(Exercise prompt): Copy, with no pictures, the line that contains "0.767~0.897 | <0.001 |" and each line after it down to the end of the entries below, exactly.

======== Material provided ========

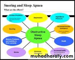 So, if there is a slight narrowing of this opening, snoring will develops (snoring is present in 40% of males & 20% of females). & if the narrowing is so severe, occlusion or near occlusion of the upper airways opening, no air will get in, & this will stimulate the respiratory center due to hypoxia & hypercapnia, & this will send a signal to the respiratory muscles to perform more work, this will awake the patient, then the patient sleeps, leading to “Apnea”, & again awake the patient. This condition is repeated many times during sleep, so the patient will not get enough sleep, with the tendency to develop HTN, IHD, & Stroke.
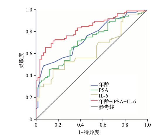 | 年龄+tPSA+IL-6 | 0.584 | 71.4 | 84.7 | 0.561 | 0.832 | 0.767~0.897 | <0.001 |
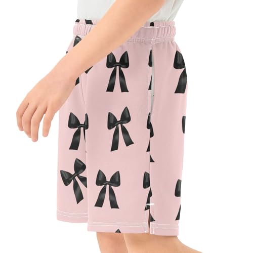 Black Bows Athletic Shorts with Zipper Pockets, Youth Boys Athletic Running Shorts for Summer 2
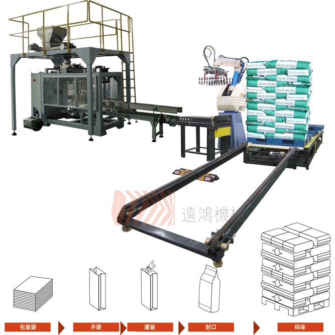 自动套袋→物料称量→填充物料→自动缝包机→输送→机器人码垛。
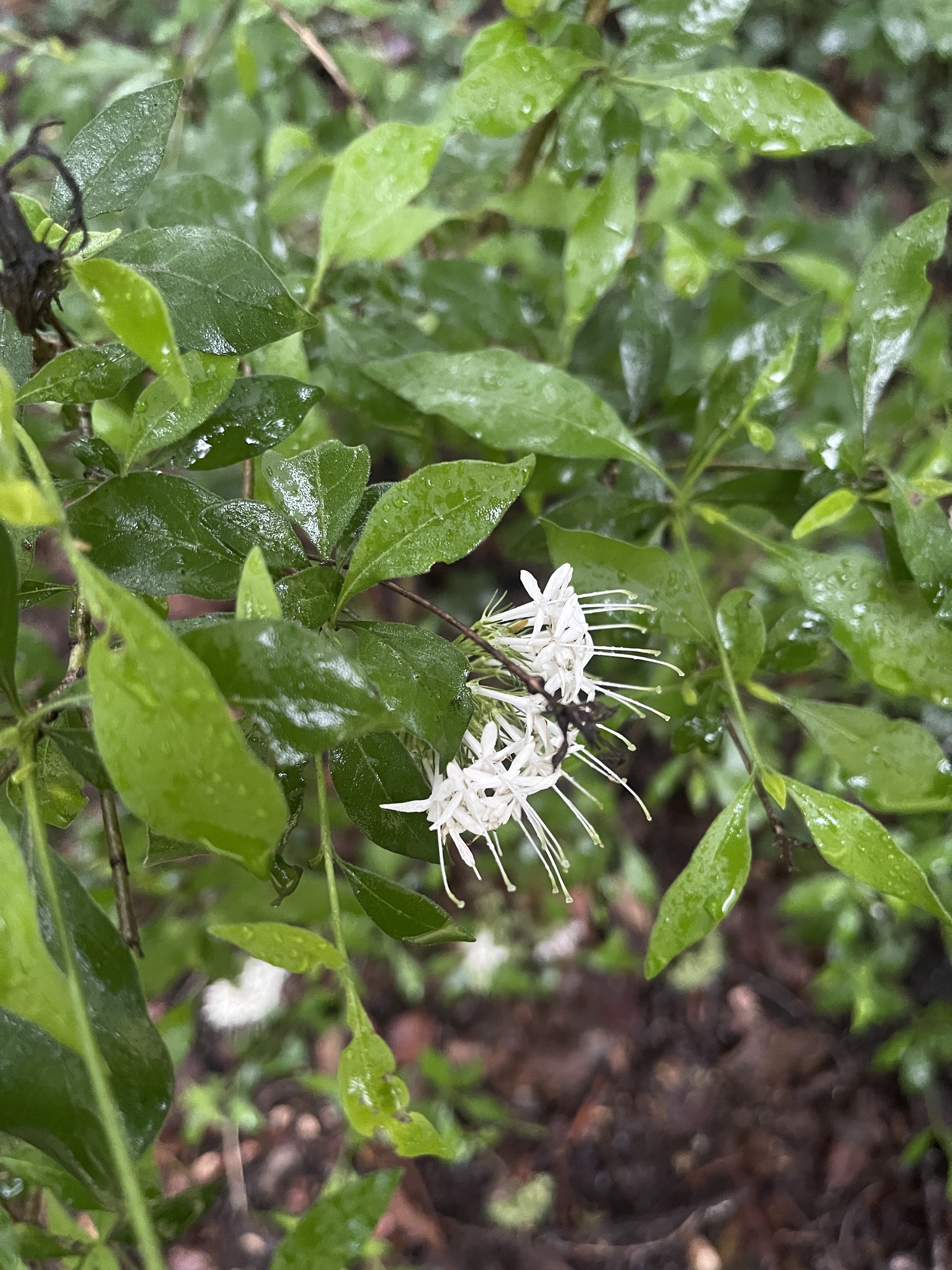 General notes: Shrub, up to c. 1.5m tall; Flowers white. Vegetation type: rocky woodland. Substrate: soil. Moisture regime: well drained. Soil type: loam. Exposure: partial shade. Slope: moderate. Aspect: South East. Notes: occasional.

========

(Solution to the problem):
 | 年龄+tPSA+IL-6 | 0.584 | 71.4 | 84.7 | 0.561 | 0.832 | 0.767~0.897 | <0.001 |
 Black Bows Athletic Shorts with Zipper Pockets, Youth Boys Athletic Running Shorts for Summer 2
 自动套袋→物料称量→填充物料→自动缝包机→输送→机器人码垛。
 General notes: Shrub, up to c. 1.5m tall; Flowers white. Vegetation type: rocky woodland. Substrate: soil. Moisture regime: well drained. Soil type: loam. Exposure: partial shade. Slope: moderate. Aspect: South East. Notes: occasional.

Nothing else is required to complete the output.